**Action item**
The reply should hold only the lines from the one with "国内来看,从2013年到20" to the one with "你让我在这里痴痴的等 | |", both ends kept, exactly as they appear below, without any pictures.

**Extracted records**

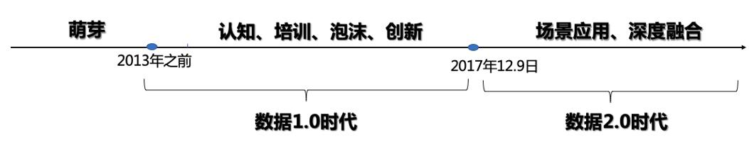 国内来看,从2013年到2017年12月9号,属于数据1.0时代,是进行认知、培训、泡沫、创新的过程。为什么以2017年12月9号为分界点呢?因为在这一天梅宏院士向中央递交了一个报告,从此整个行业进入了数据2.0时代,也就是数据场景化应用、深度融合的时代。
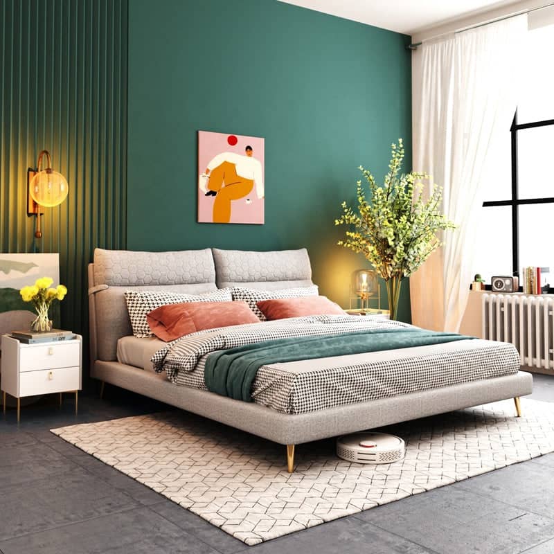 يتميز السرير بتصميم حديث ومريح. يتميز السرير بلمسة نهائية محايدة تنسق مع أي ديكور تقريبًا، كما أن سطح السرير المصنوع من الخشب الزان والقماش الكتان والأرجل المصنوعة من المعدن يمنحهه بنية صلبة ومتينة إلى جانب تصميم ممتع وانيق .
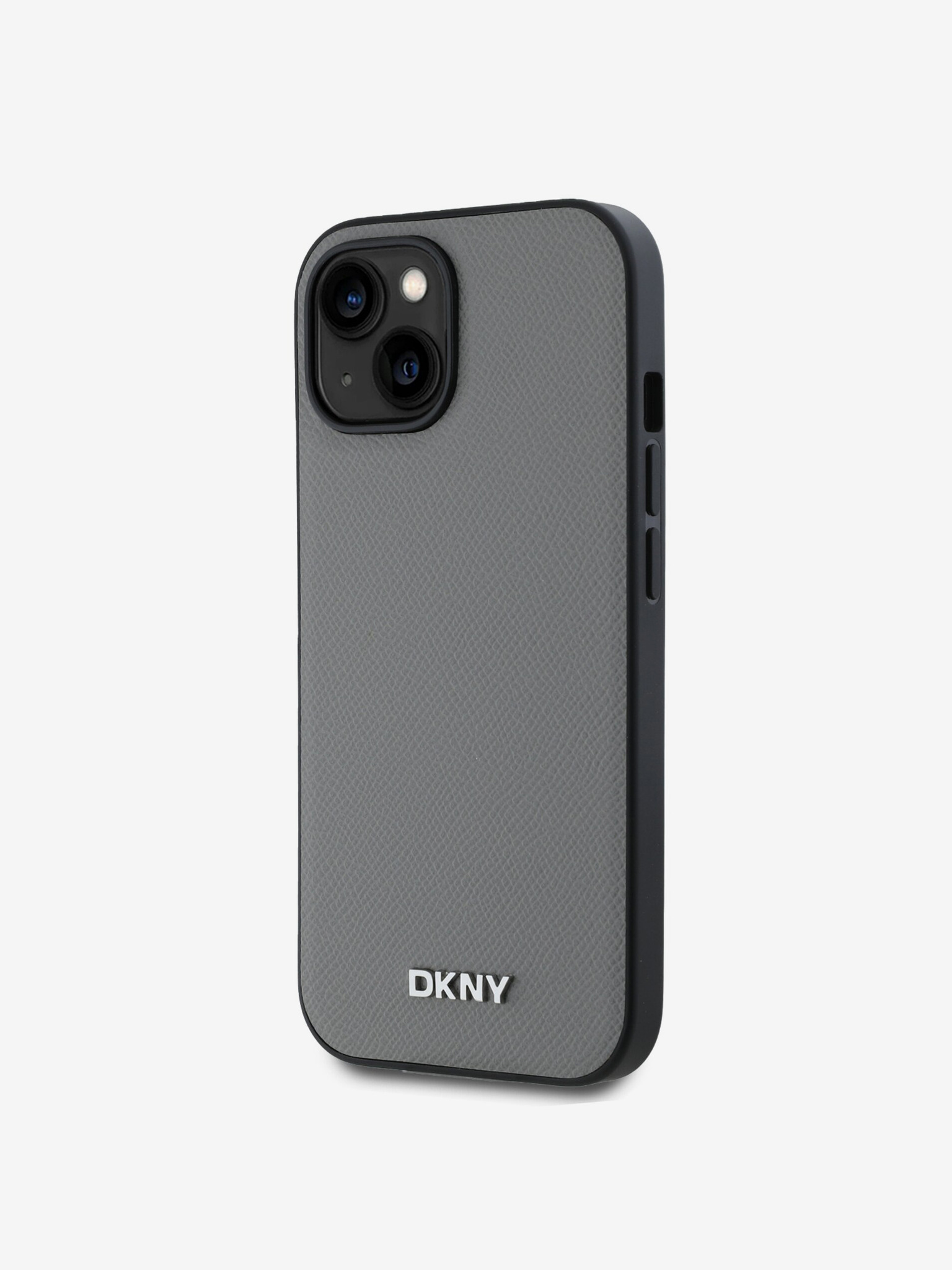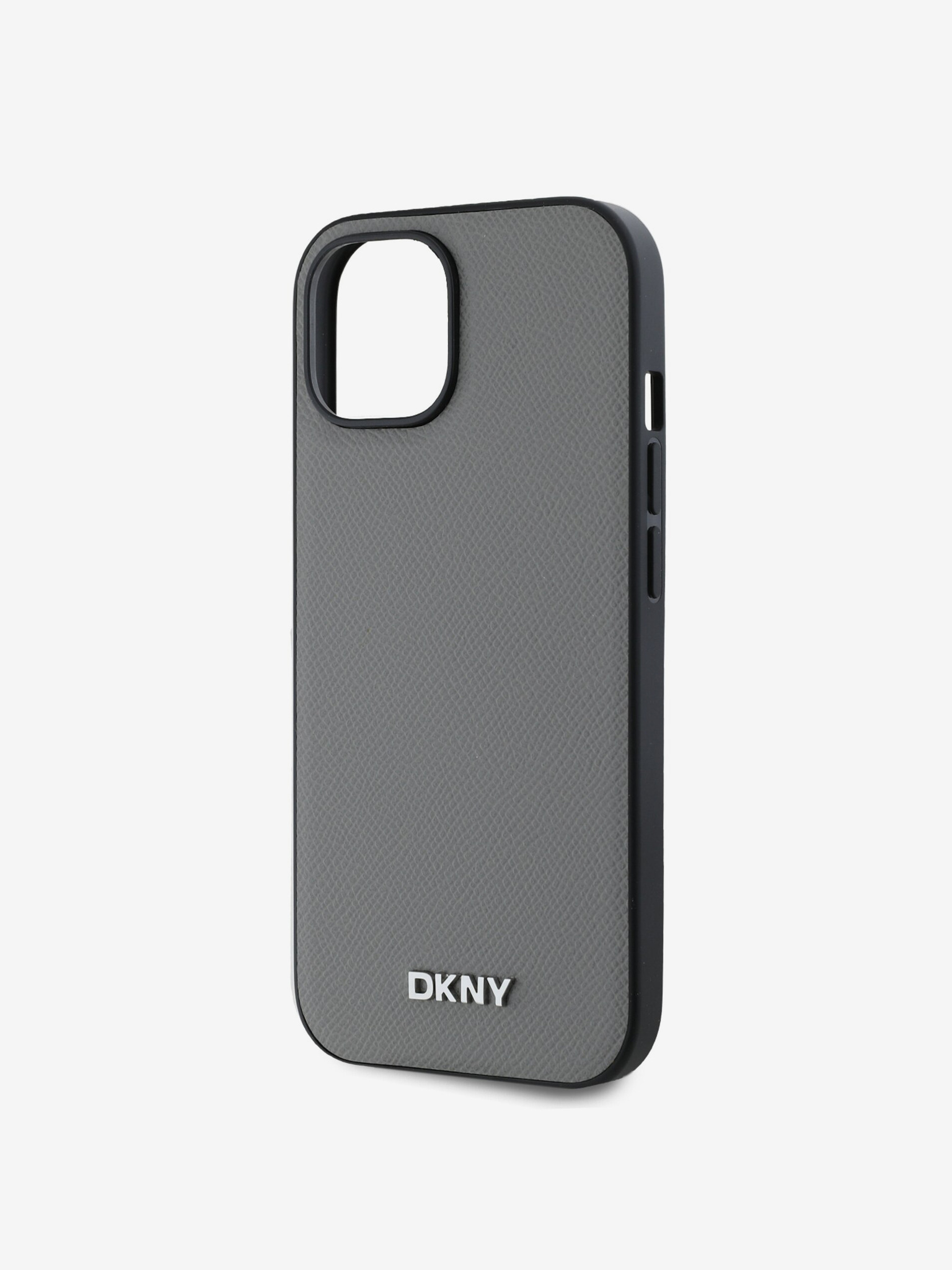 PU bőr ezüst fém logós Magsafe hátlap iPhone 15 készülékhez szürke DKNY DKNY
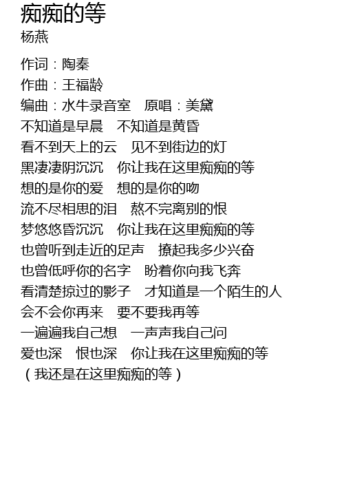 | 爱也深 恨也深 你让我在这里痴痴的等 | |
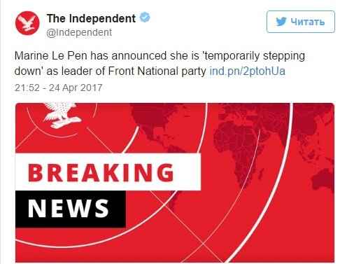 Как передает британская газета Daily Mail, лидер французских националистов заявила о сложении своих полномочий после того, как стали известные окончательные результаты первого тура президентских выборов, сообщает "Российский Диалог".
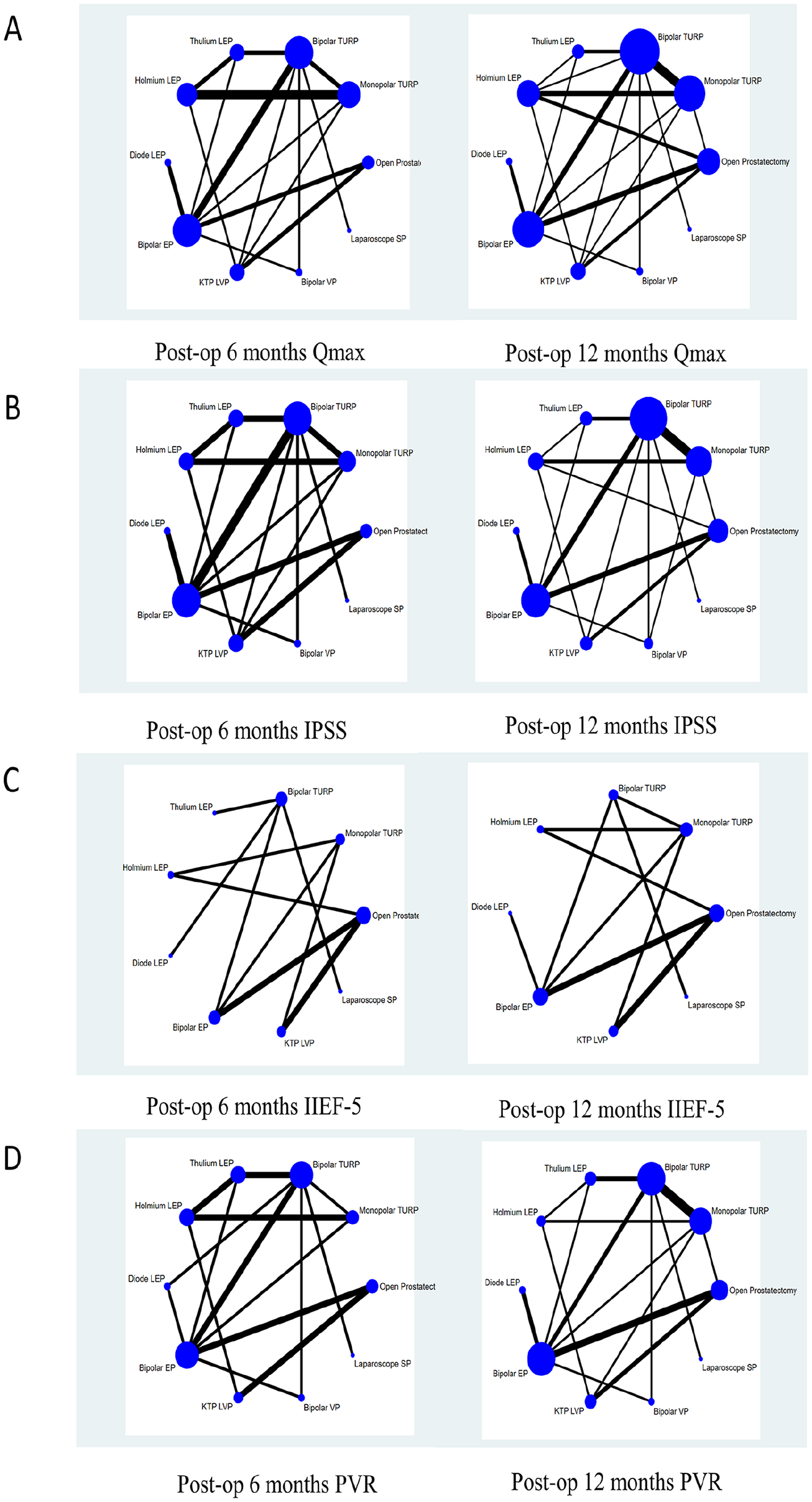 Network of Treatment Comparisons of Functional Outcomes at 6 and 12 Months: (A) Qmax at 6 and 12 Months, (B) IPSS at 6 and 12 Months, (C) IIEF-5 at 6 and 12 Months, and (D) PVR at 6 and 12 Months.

--

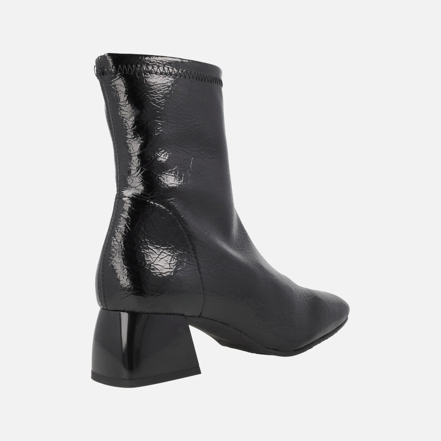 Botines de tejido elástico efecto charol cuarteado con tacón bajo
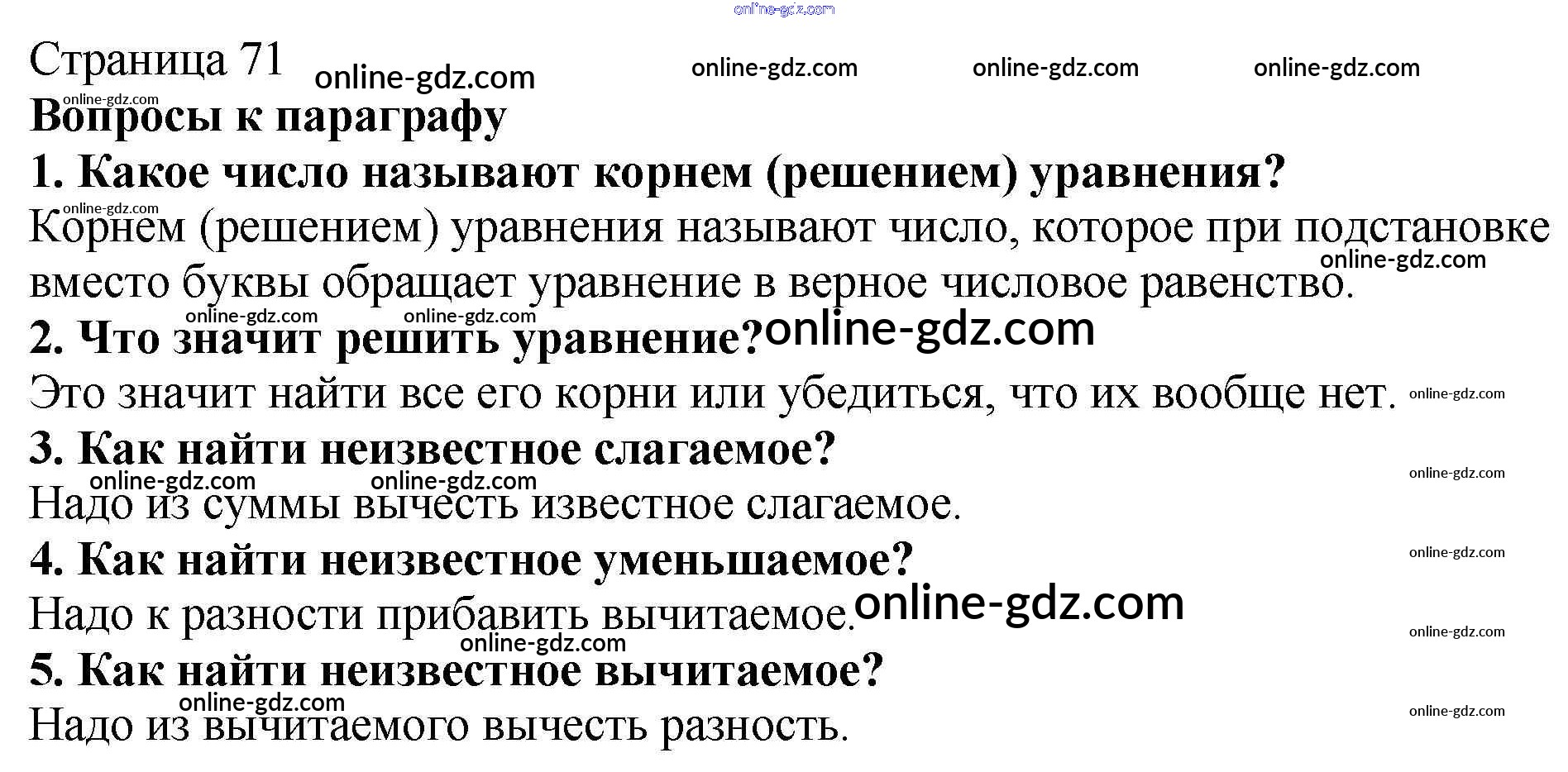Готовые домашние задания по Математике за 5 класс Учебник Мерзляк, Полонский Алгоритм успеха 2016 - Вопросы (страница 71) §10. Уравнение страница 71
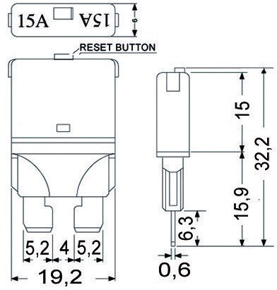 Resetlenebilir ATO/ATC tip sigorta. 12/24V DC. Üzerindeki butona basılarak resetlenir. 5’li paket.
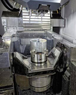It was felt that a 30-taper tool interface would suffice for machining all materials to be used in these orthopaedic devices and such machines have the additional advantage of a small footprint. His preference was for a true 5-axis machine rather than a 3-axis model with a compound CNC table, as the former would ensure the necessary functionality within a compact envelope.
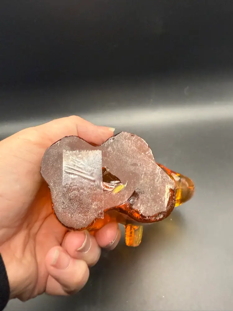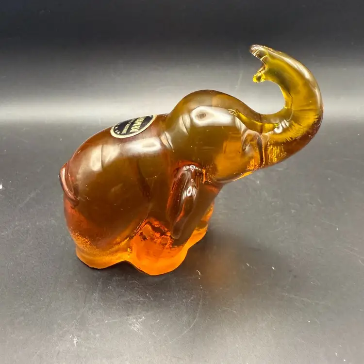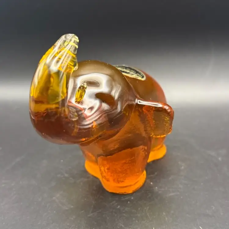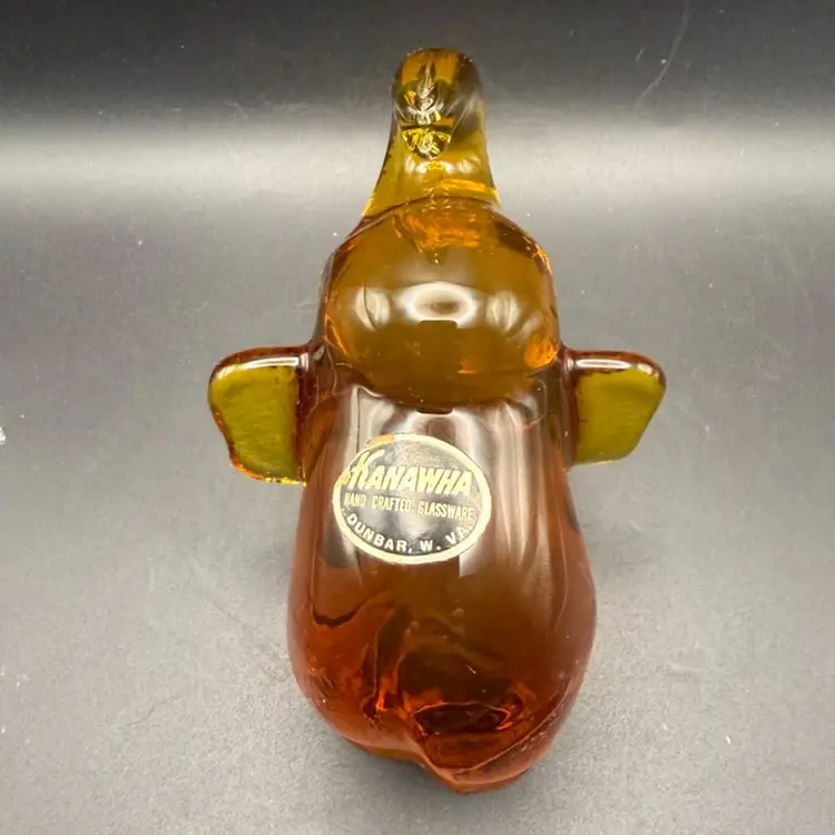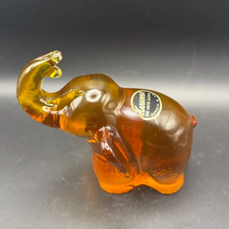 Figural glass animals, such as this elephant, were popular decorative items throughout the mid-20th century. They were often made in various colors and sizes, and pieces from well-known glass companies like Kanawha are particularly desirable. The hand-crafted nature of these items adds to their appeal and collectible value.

* * *

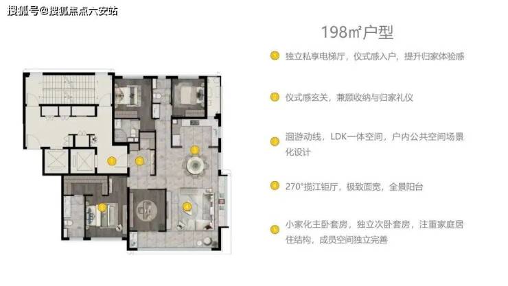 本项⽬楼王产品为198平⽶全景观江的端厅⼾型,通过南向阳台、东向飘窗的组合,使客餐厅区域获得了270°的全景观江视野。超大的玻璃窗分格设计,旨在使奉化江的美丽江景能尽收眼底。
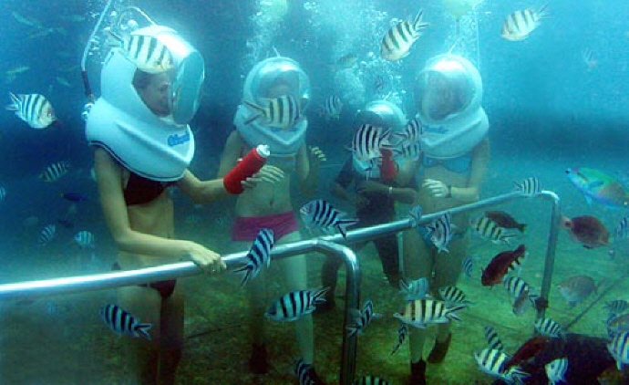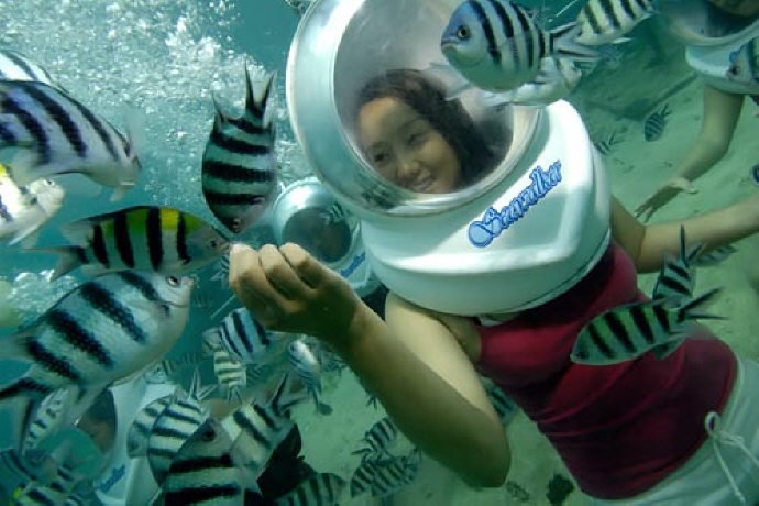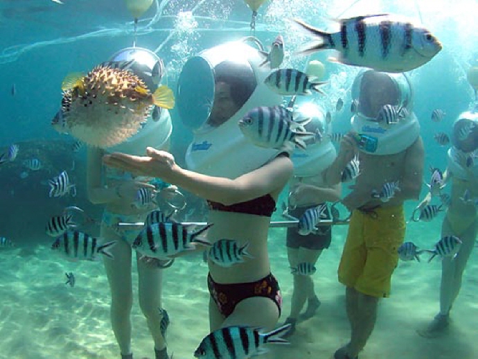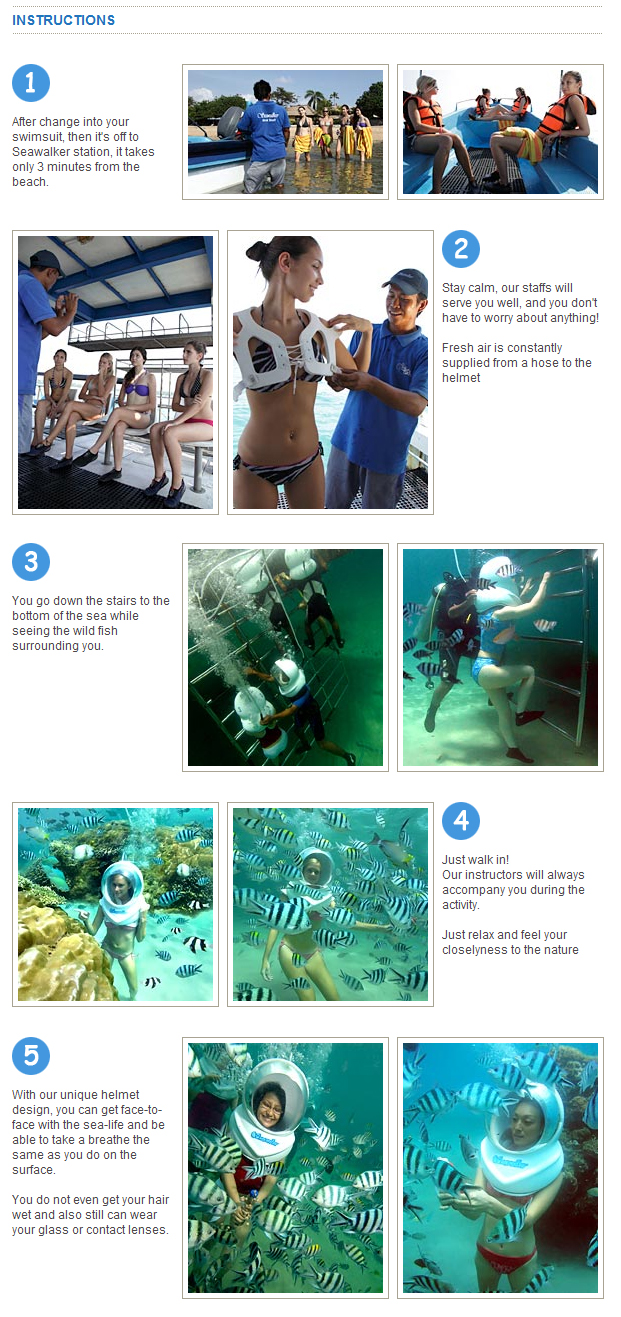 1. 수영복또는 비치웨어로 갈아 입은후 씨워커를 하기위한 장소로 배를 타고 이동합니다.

**Output**
 国内来看,从2013年到2017年12月9号,属于数据1.0时代,是进行认知、培训、泡沫、创新的过程。为什么以2017年12月9号为分界点呢?因为在这一天梅宏院士向中央递交了一个报告,从此整个行业进入了数据2.0时代,也就是数据场景化应用、深度融合的时代。
 يتميز السرير بتصميم حديث ومريح. يتميز السرير بلمسة نهائية محايدة تنسق مع أي ديكور تقريبًا، كما أن سطح السرير المصنوع من الخشب الزان والقماش الكتان والأرجل المصنوعة من المعدن يمنحهه بنية صلبة ومتينة إلى جانب تصميم ممتع وانيق .
 PU bőr ezüst fém logós Magsafe hátlap iPhone 15 készülékhez szürke DKNY DKNY
 | 爱也深 恨也深 你让我在这里痴痴的等 | |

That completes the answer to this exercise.